__RECORDS SUPPLIED__.
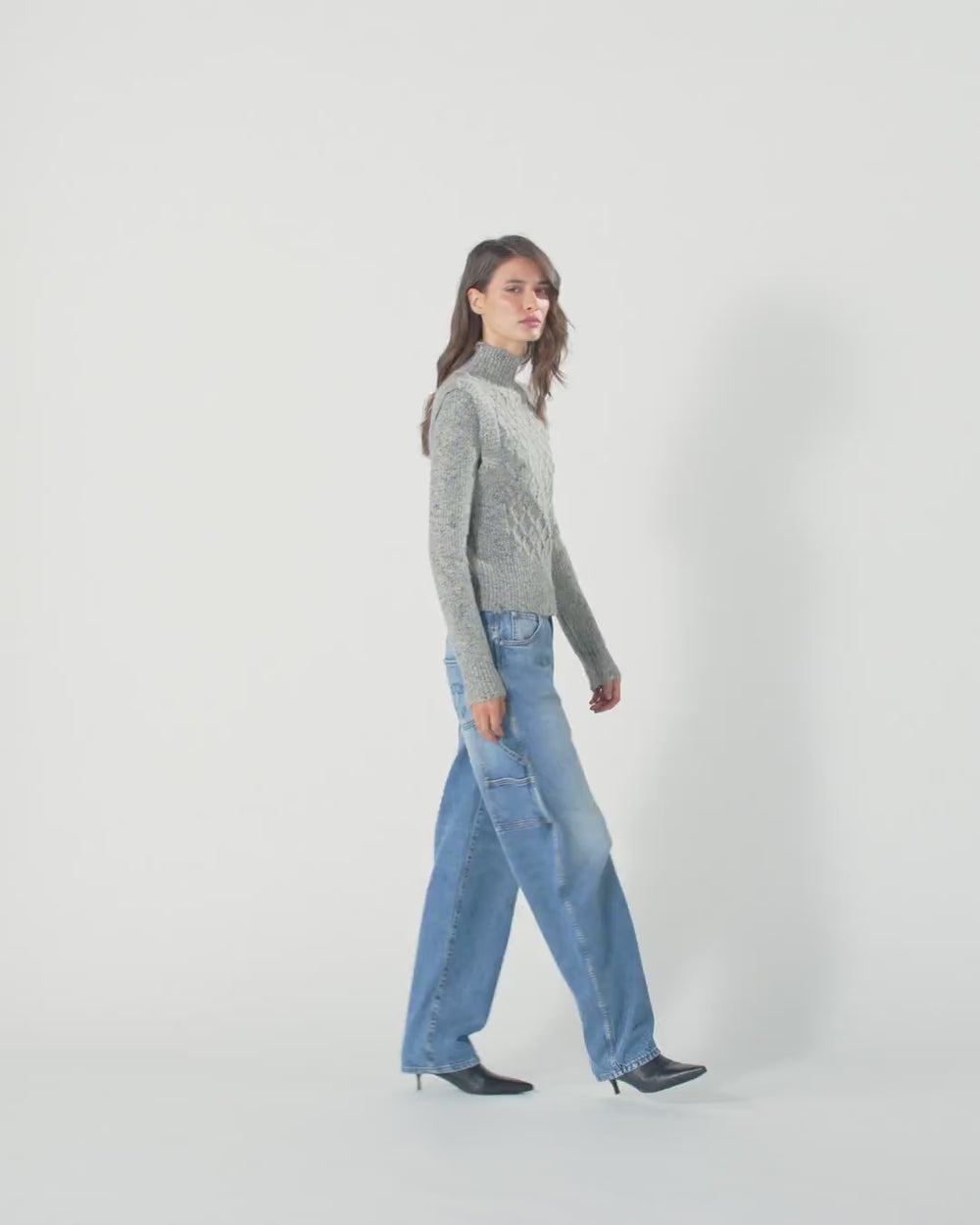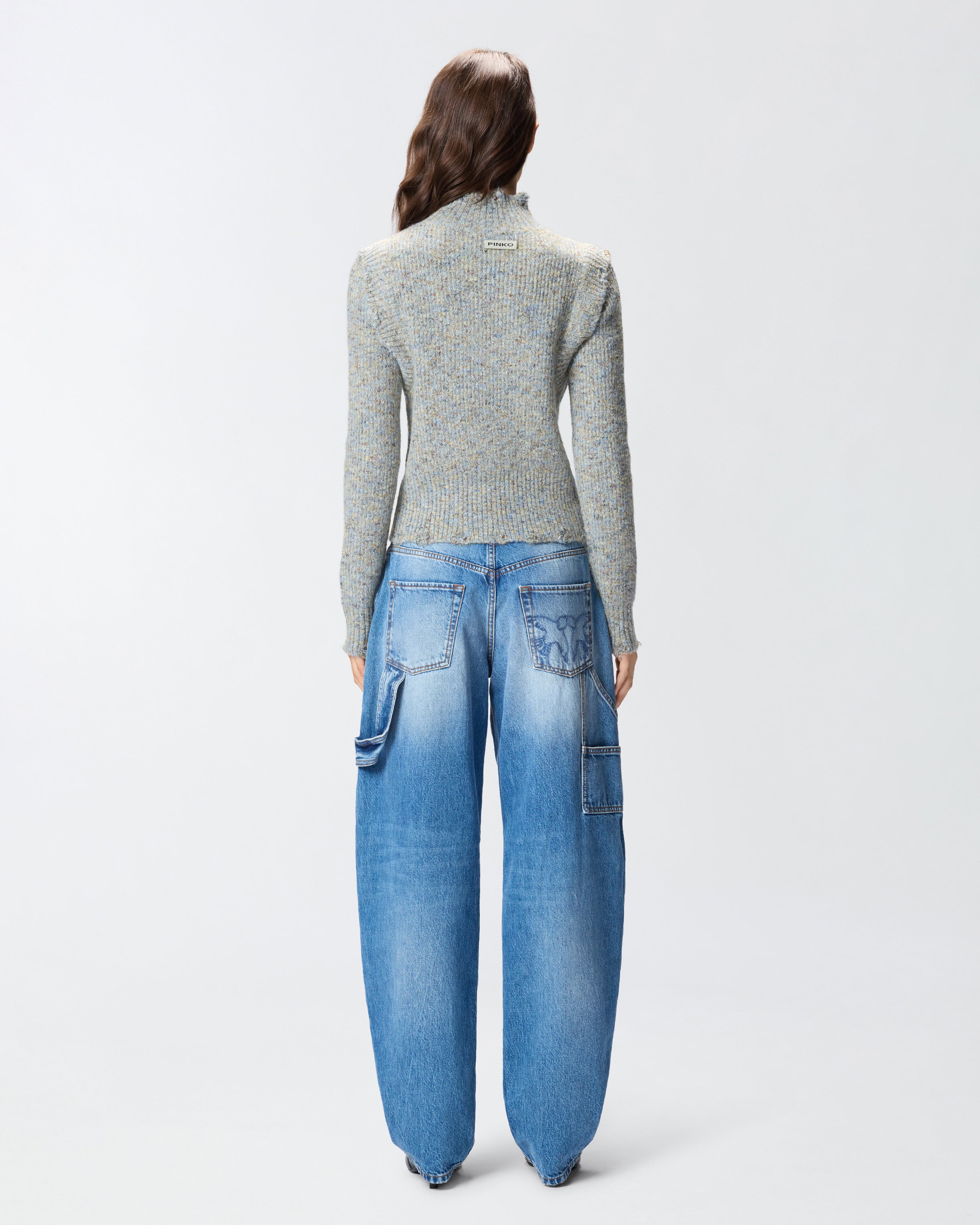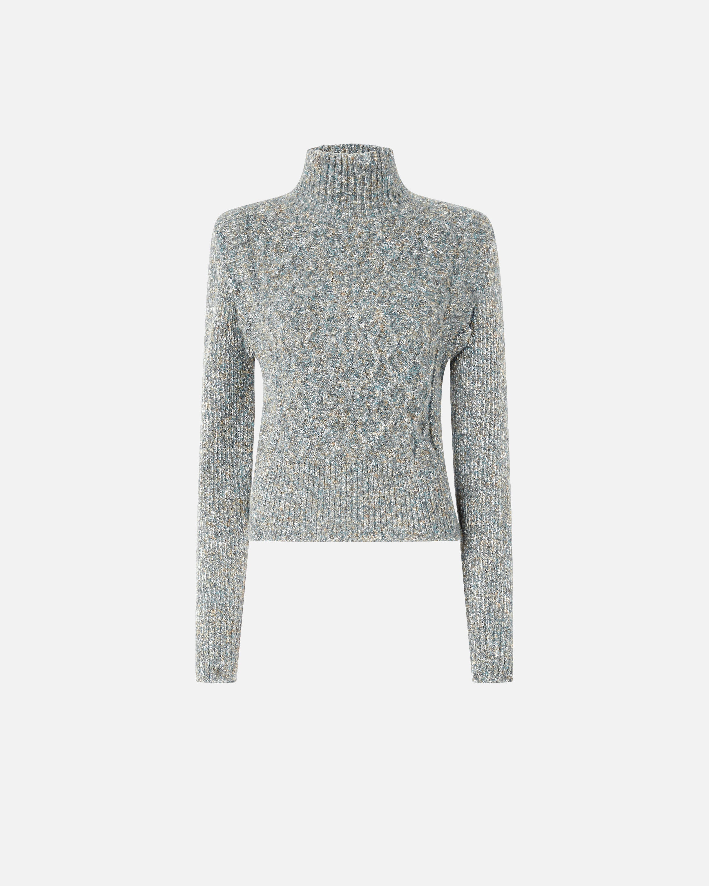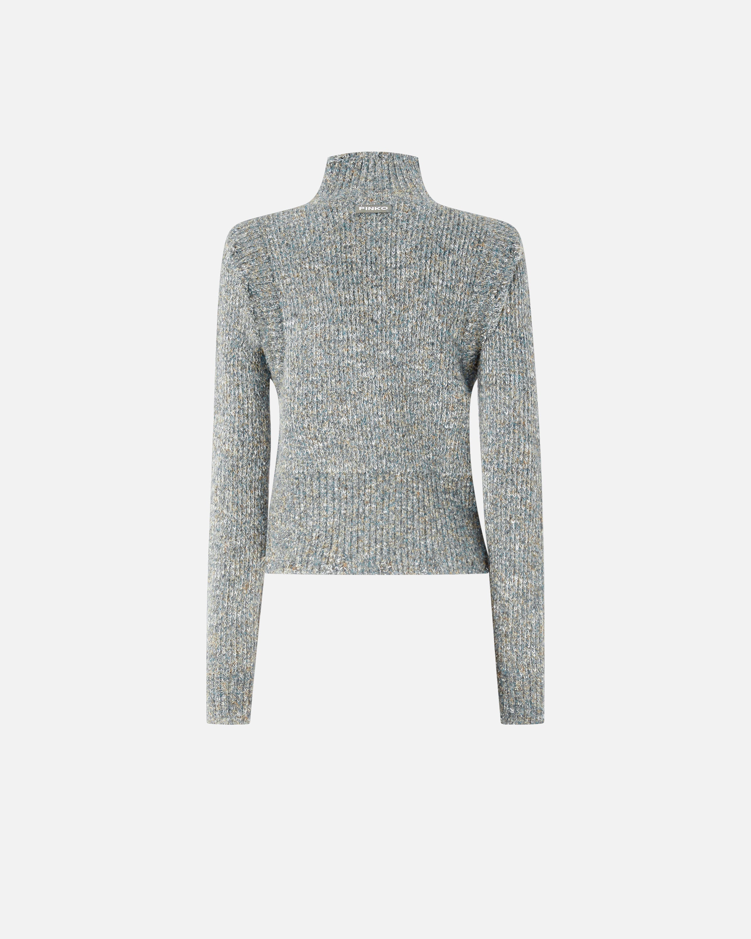 Turtleneck sweater knit from yarns of different colours, featuring ribbing on the back and sleeves and cable stitching on the front that gives the design movement and a three-dimensional feel. This piece, finished with a label bearing the PINKO logo lettering on the back, is perfect to wear with the matching skirt to create a complete winter look with an innovative, modern vibe. The piece has undergone finishing tests to minimise the possible formation of pilling, ensuring greater fabric softness and durability.
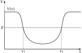 그림과 같은 퍼텐셜 우물에 갇힌 질량 $m$인 입자가 $x_1$에서 운동을 시작해서 다시 처음 위치로 돌아오는 데 걸리는 시간이 $T$다. 질량이 $2m$인 입자가 같은 위치에서 운동을 시작한다면 다시 처음 위치로 돌아오는 데 걸리는 시간은 $T$의 몇 배나 될까?
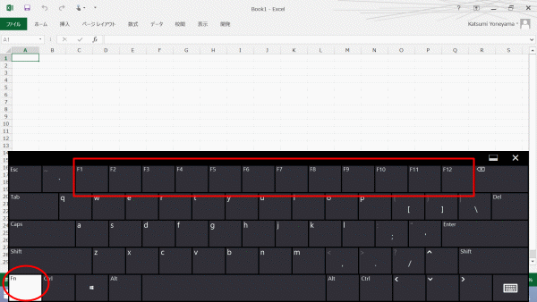 - 「Fn」をタップすると[F1]〜[F12]が表示されます。 (2013/10/25 記)
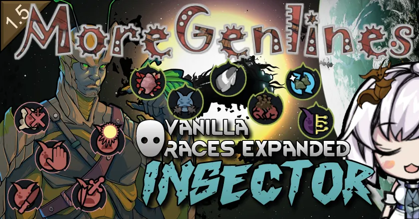 To be honest, I really enjoy the "Genlines" feature in the mod Vanilla Race Expanded - Insector. It allows me to meticulously construct my hive, but the downside is that I found the original Genlines in VRE-Insector somewhat limited. That's why I created this mod, which introduces 6 new Evolution Genes, 12 Degrade Genes, and excitingly, 7 Architect Genes. Yes, I've added the concept of Architect Genes; essentially, these are Genlines that become available for selection and use only after certain Evolution Genes are unlocked. Each Architect Gene offers powerful Abilities – and indeed, the new Evolution Genes I added also come with some Abilities. Let me briefly introduce a few of these Genlines here; for more details, please check in-game.
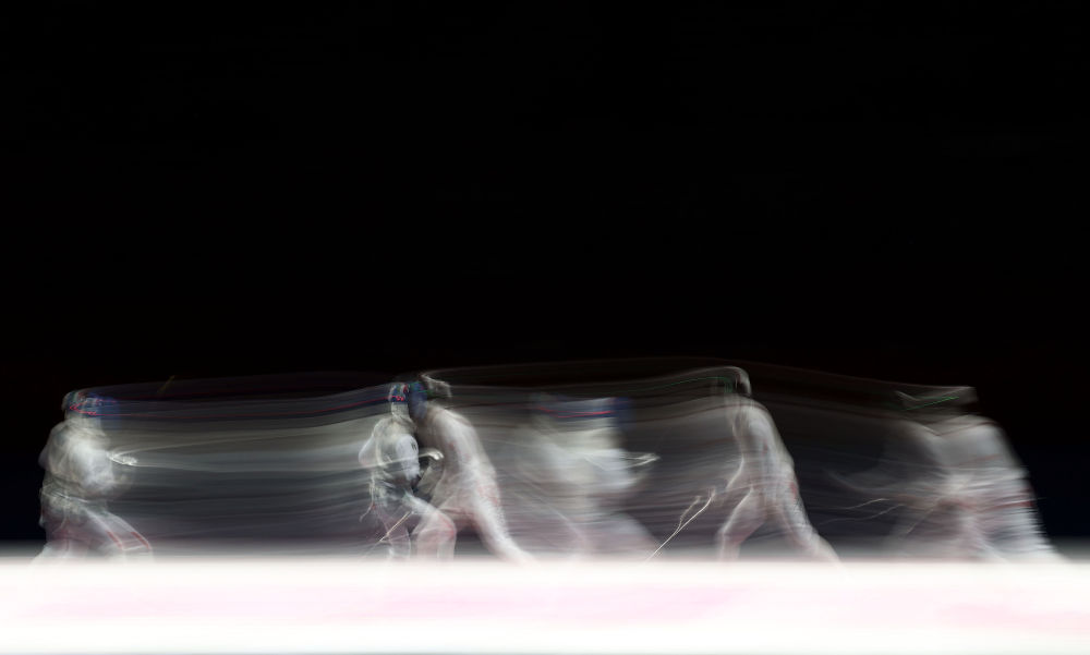 赛前的充分准备在比赛时发挥了重要作用,内场拥挤的空间要同时容纳7位内场摄影记者和至少4位直播摄像,每次移动都得同时照顾到其他摄影记者、摄像、裁判以及运动员等,充足的功课让我在拍摄重点选手时得心应手。我特意选择运动员起跳的后方拍摄,这样能够捕捉到跳起后头部后仰,面部的生动细节,再加之内场的有利位置能够从低角度仰拍,抬起的右脚正好遮住眼睛,使得画面更具冲击力。

__TASK REQUIREMENTS__. Take the line with "To be honest, I" and each line after it through the end of the material above, and reproduce them exactly, both ends included, without pictures.

__COMPLETED TASK__.
 To be honest, I really enjoy the "Genlines" feature in the mod Vanilla Race Expanded - Insector. It allows me to meticulously construct my hive, but the downside is that I found the original Genlines in VRE-Insector somewhat limited. That's why I created this mod, which introduces 6 new Evolution Genes, 12 Degrade Genes, and excitingly, 7 Architect Genes. Yes, I've added the concept of Architect Genes; essentially, these are Genlines that become available for selection and use only after certain Evolution Genes are unlocked. Each Architect Gene offers powerful Abilities – and indeed, the new Evolution Genes I added also come with some Abilities. Let me briefly introduce a few of these Genlines here; for more details, please check in-game.
 赛前的充分准备在比赛时发挥了重要作用,内场拥挤的空间要同时容纳7位内场摄影记者和至少4位直播摄像,每次移动都得同时照顾到其他摄影记者、摄像、裁判以及运动员等,充足的功课让我在拍摄重点选手时得心应手。我特意选择运动员起跳的后方拍摄,这样能够捕捉到跳起后头部后仰,面部的生动细节,再加之内场的有利位置能够从低角度仰拍,抬起的右脚正好遮住眼睛,使得画面更具冲击力。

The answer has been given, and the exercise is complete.